Disassembly of section .text.public_function_3:
00000000 <public_function_3>:
0: b510 push {r4, lr}
2: 2446 movs r4, #70 ; 0x46
4: 4b03 ldr r3, [pc, #12] ; (14 <public_function_3+0x14>)
6: 4408 add r0, r1
8: 601c str r4, [r3, #0]
a: 4b03 ldr r3, [pc, #12] ; (18 <public_function_3+0x18>)
c: 6010 str r0, [r2, #0]
e: 681b ldr r3, [r3, #0]
10: 4418 add r0, r3
12: bd10 pop {r4, pc}
...
Question
Is there any way I can optimize the library with LTO, keep only public API symbols in the symbol table and not have any redundant internal symbols and machine code?
Additional concerns
Since in my case the gcc ends up generating machine code for internal symbols and puts them into a symbol table, I suspect that the optimization might not be done to the fullest extent.

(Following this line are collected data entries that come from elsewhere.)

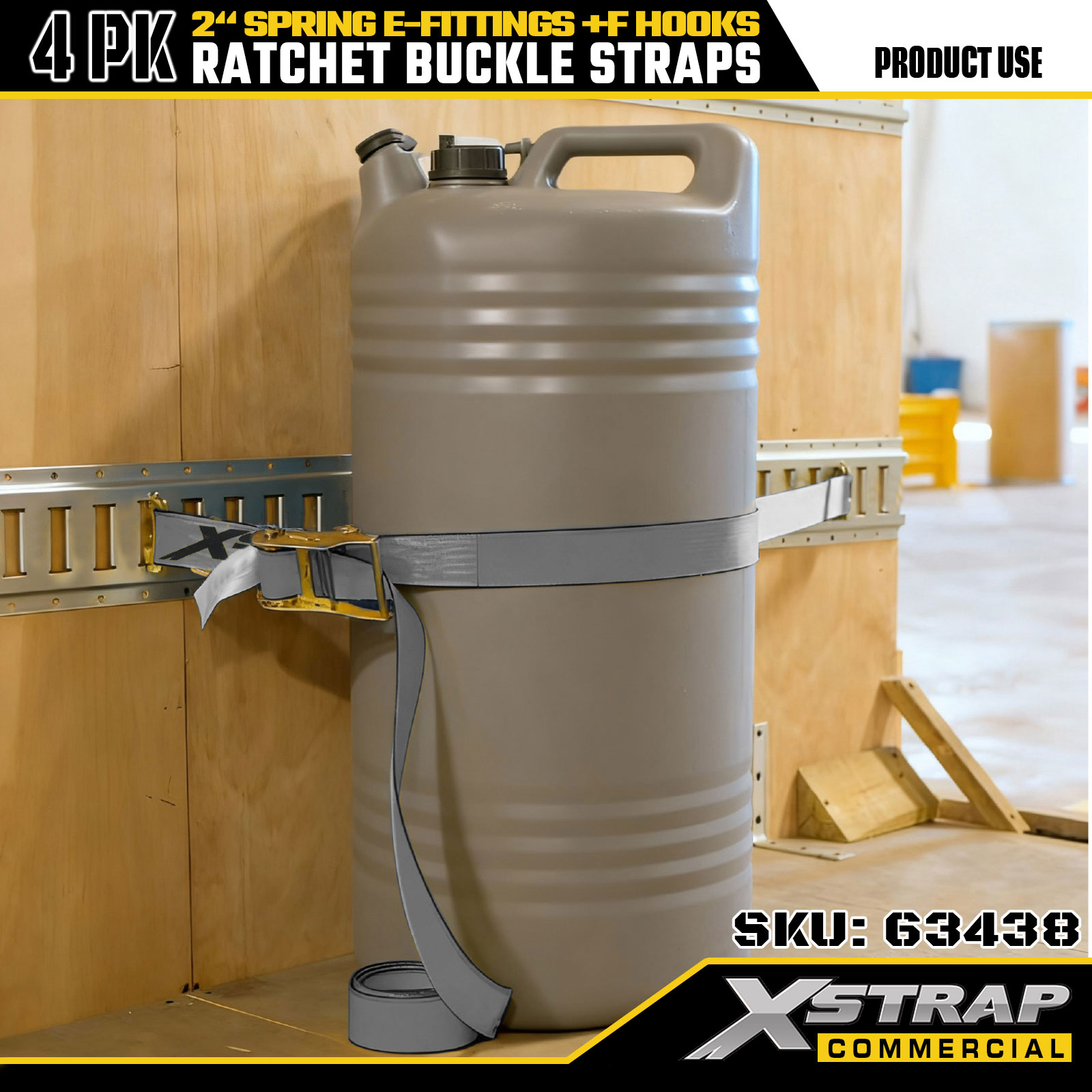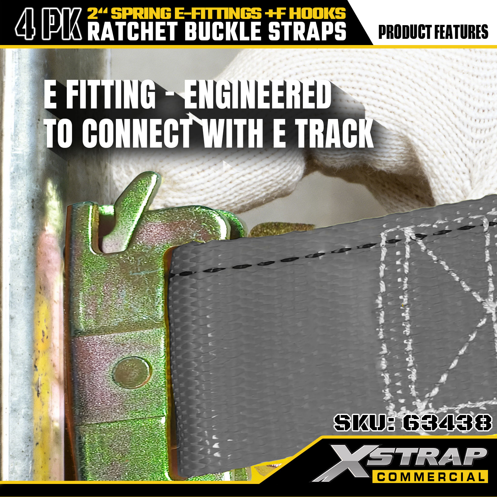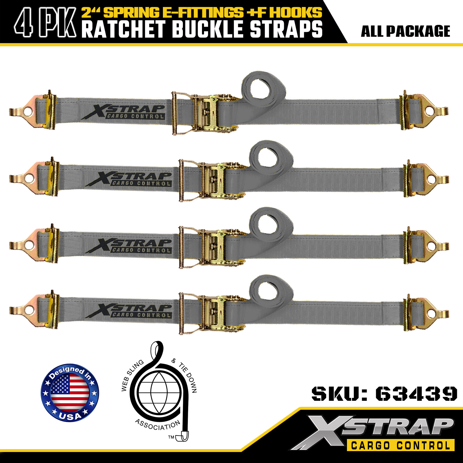 Xstrap 4 Pack 2" x 16' Ratchet Tie-Down Straps - โพลีเอสเตอร์สีเทาพร้อมสปริง E-Fitting และตะขอ F, 733 lbs SWL สำหรับการขนย้าย รถบรรทุก และขนส่งสินค้าทั่วไป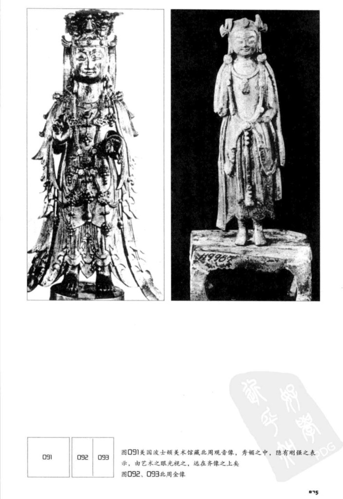 北周一觀音像是極品,現藏波士頓,高八尺余,立蓮花上,四獅蹲四隅拱衛。左執蓮蓬,右手下垂,持物已毀。衣褶流暢,全身環珮極多。肩上袈娑自兩旁下垂,飄及于地。寶冠亦以珠環作飾,頂有小佛。企立姿勢自然,首微向前伸,腰微轉側。秀媚之中又帶剛強,藝術上遠在北齊之上。北周开始天衣突出于肩膊外。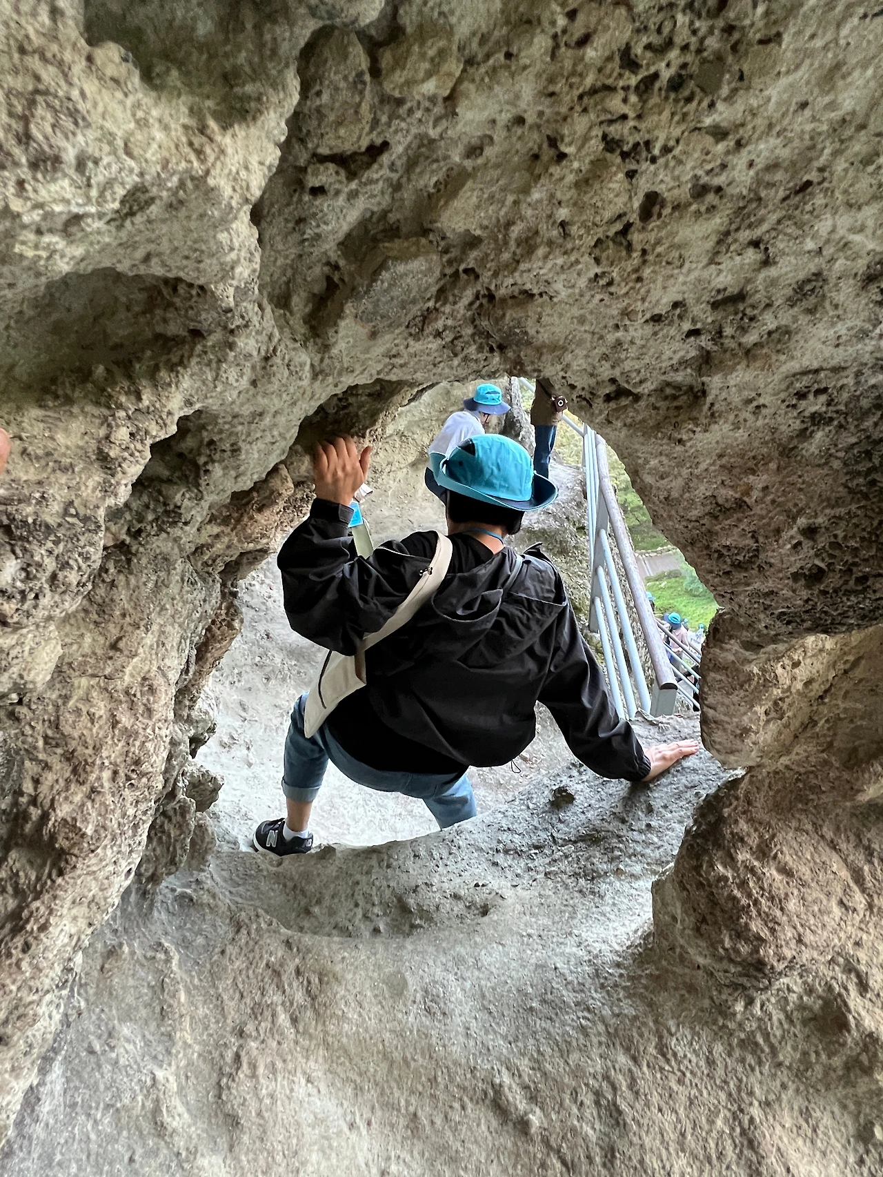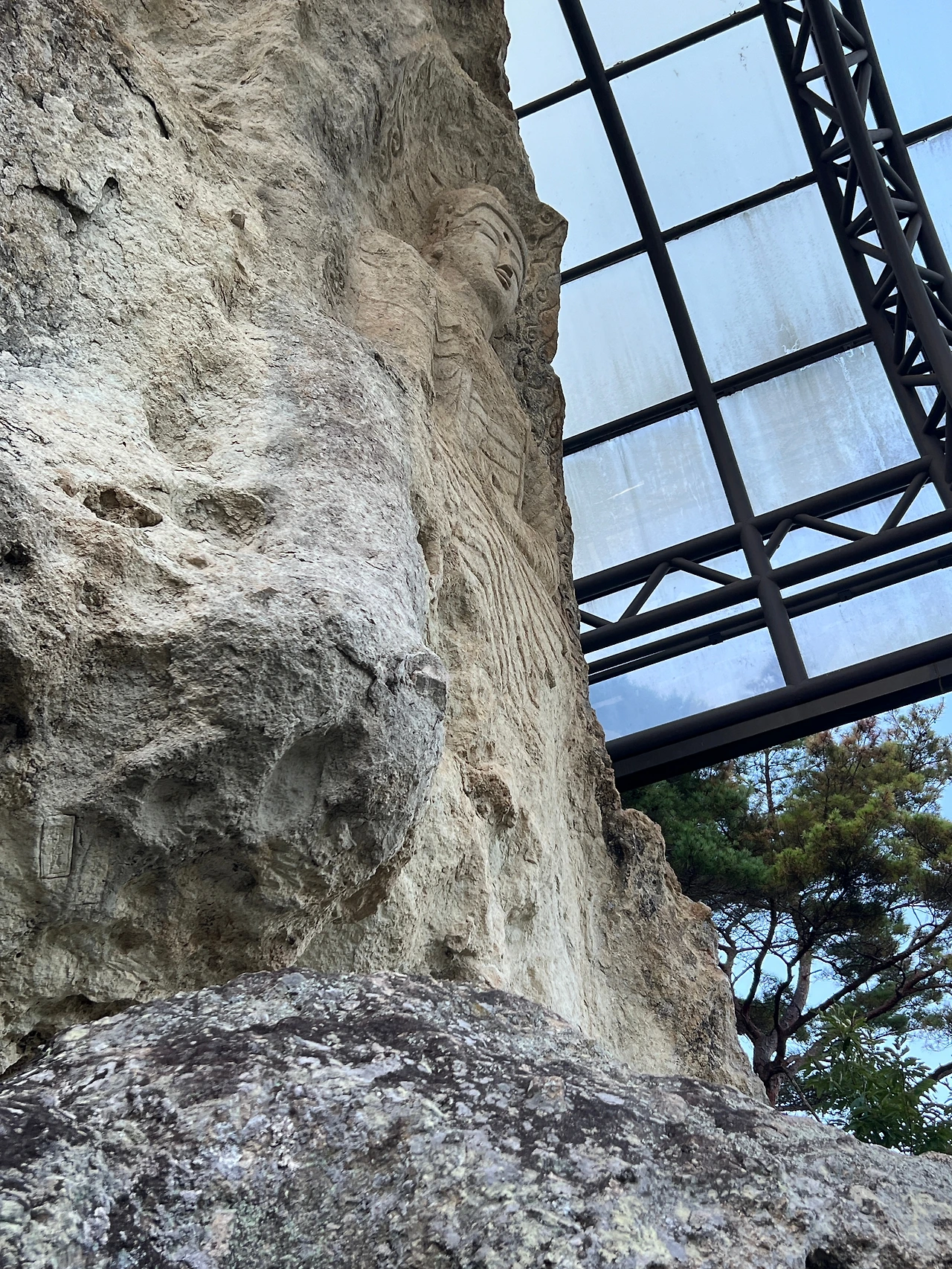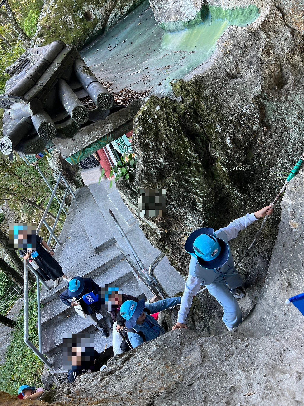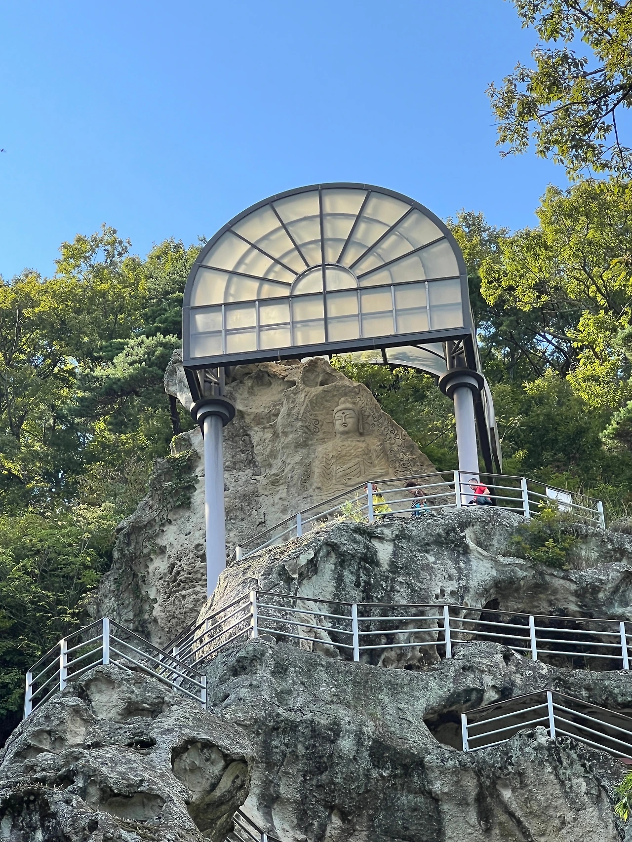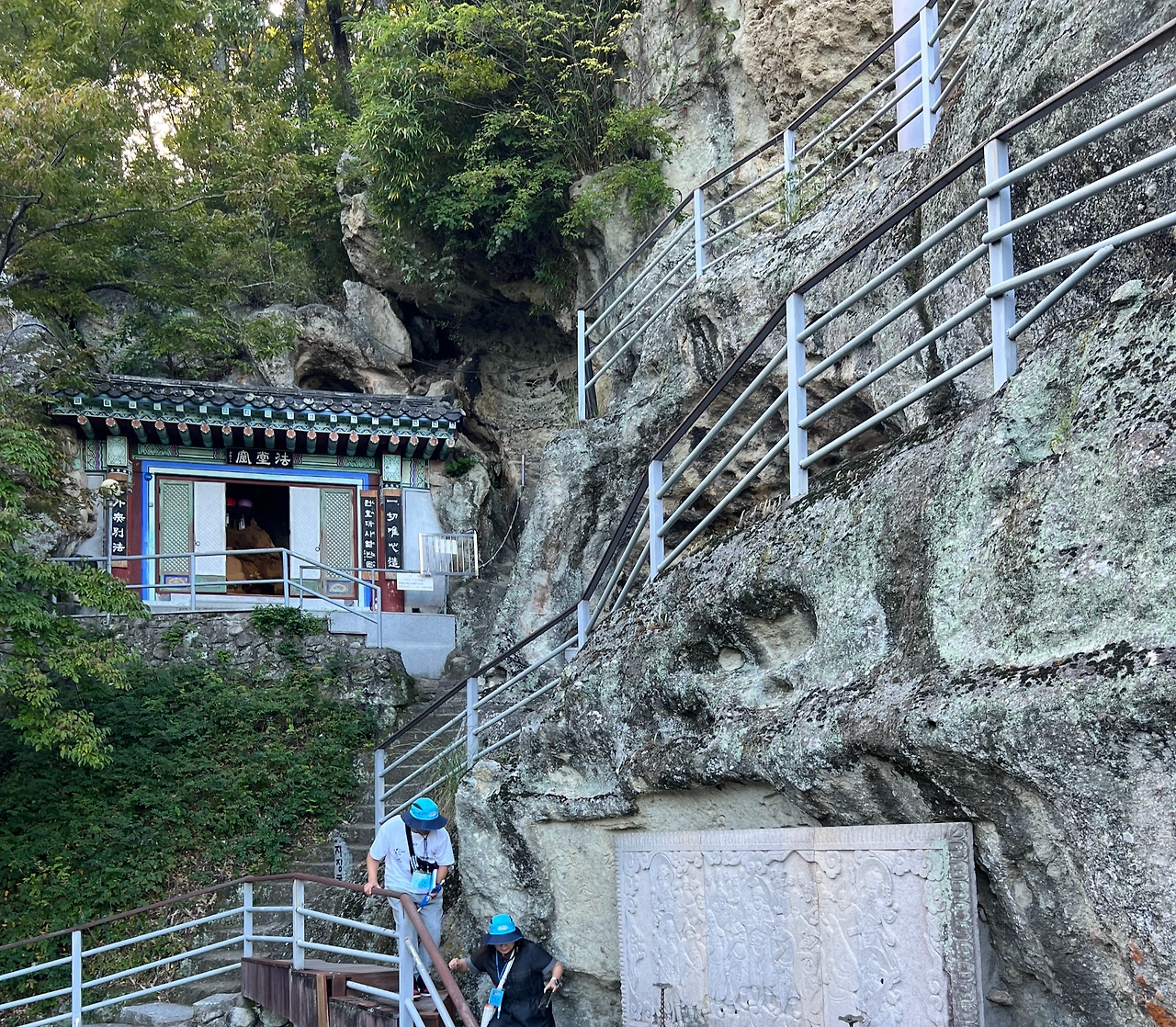 마애여래좌상으로 오르는 길은 빡세다. 난간을 잡고 위에서 끌거나 아래에서 밀거나 하며 올라가야하는 가파른 곳도 있고 터널처럼 뻥 뚫려 있어 몸을 숙이고 간신히 지나가야 하는 곳도 있다.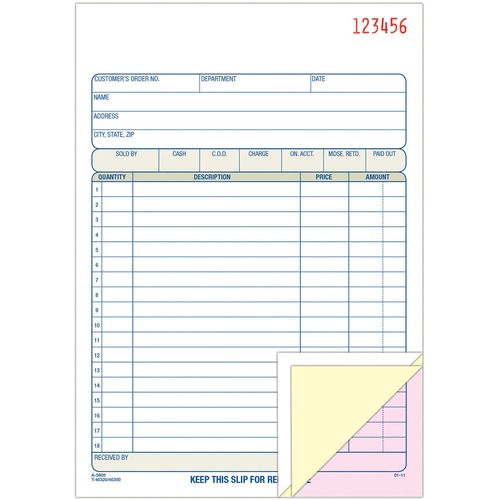 Carbonless sales book offers multiple copies of transactions with each set consecutively numbered. Each three-part form includes areas for customer information, order number, terms, date, shipping information and salesperson. Provided columns offer places to enter quantity, description, price and amount. Space at top offers space for your company stamp. Use wraparound cover to place between sets. Paper sequence is originals in white, duplicates in canary and triplicates in pink. Book includes 50 sets made with premium-grade paper.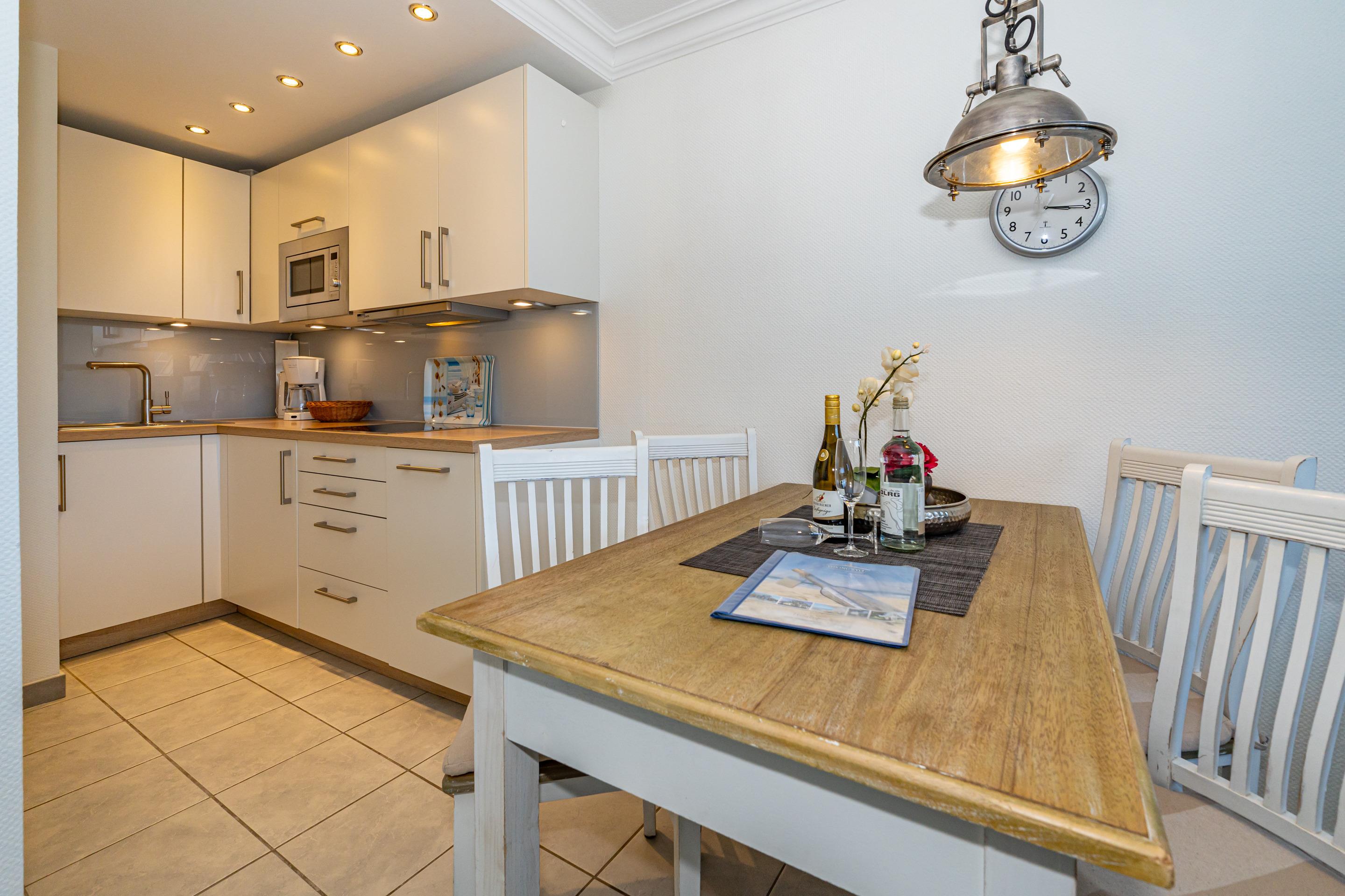 Die Küche hat einen Geschirrspüler, ein Ceranfeld (4 Kochfelder), eine Nespresso-Maschine, eine Mikrowelle mit Grillfunktion und einen Kühlschrank mit 3-Sterne-Gefrierfach.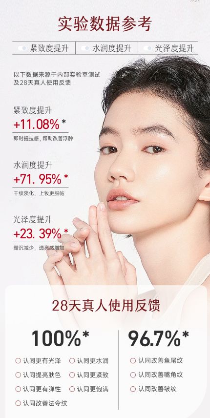 實驗數(shù)據(jù)與用戶反饋進一步驗證了產(chǎn)品實力:內(nèi)部實驗室測試顯示,使用后肌膚緊致度即時提升11.08%、水潤度提升71.95%、光澤度提升23.39%;28天真人使用后,超九成用戶認同肌膚“更水潤”“更有光澤”,對皺紋改善、彈性提升、緊致度增強等效果的認可度也居高不下。這些效果均有專業(yè)檢測報告支撐,其中緊致抗皺、美白、舒緩功效分別源自指定檢測報告,讓消費者使用更安心。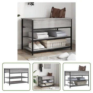 Ławka na buty szara Sonoma 70x42,5x50 cm materiał drewnopochodnyUtrzymuj swoje buty w porządku i zawsze pod ręką dzięki tej ławce na buty!Solidna konstrukcja: Drewno inżynieryjne to materiał wyjątkowej jakości o gładkiej powierzchni, który charakteryzuje się wytrzymałością, stabilnością i odpornością na wilgoć. Metalowa rama zapewnia ławce dodatkową stabilność i wytrzymałość. Mnóstwo miejsca do przechowywania: Ławka do przedpokoju oferuje mnóstwo miejsca do przechowywania, dzięki czemu Twoje buty będą dobrze zorganizowane, a w salonie zapanuje porządek.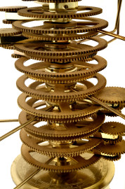 Modello a funzionamento elettrico del sistema planetario. Struttura composta da base in legno laccato nero su cui poggia colonna centrale con sistema di ingranaggi e bracci mobili in ottone. XX secolo, cm 41x51, (difetti). Meccanismo da revisionare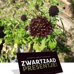 Tijdens de “Awakenings” V.I.P dagen ging je als bezoeker bij Daily Women’s Wear naar huis met een passend cadeau: Het Zwartzaad Presentje, bestaande uit een zakje met zaden van de Scabiosa Atropurpurea ‘Black Knight’ en een waardebon t.w.v. 10% korting voor wanneer de bloem in bloei staat. lekker in vorm dacht mee over dit concept en mocht daarna vanzelfsprekend het artwork verzorgen. Oh, en natuurlijk hadden we ook braaf een exemplaar in de achtertuin!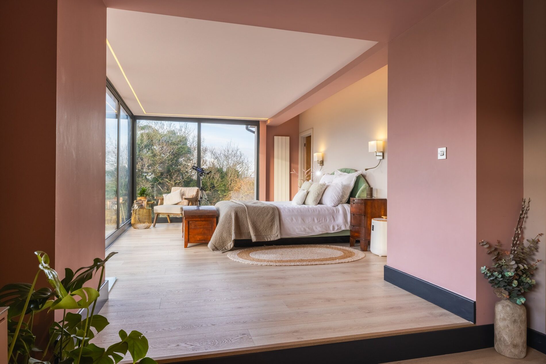 The stunning extension incorporates this exceptional principal bedroom suite, one of the most impressive bedrooms we have had the pleasure of marketing. Entry is via a spacious dressing room area with a full range of fitted storage and a desk, with a window to the rear leading into the main bedroom beyond. The rear wall of the bedroom is fully glazed, offering breath-taking countryside views. Recessed LED lighting throughout creates a calm and restful atmosphere. A door to the right of the bed leads back into the dressing room, while a door to the left opens into the ensuite.

Let's say that internal_function_1 were much larger in size. Let's also assume that the function internal_function_1 is referenced only once within the library. If the linker sees more than one reference to the symbol (one from library code, unknown number of references from externally linked code due to being present in symbol table), the optimizer may be more reluctant to inline such internal function and will not perform aggressive optimizations on it. I haven't confirmed this hypothesis yet, but if it's true, then I think the only reasonable solution would involve preventing those internal symbols from ever being generated and inserted into the symbol table at the relocatable link stage.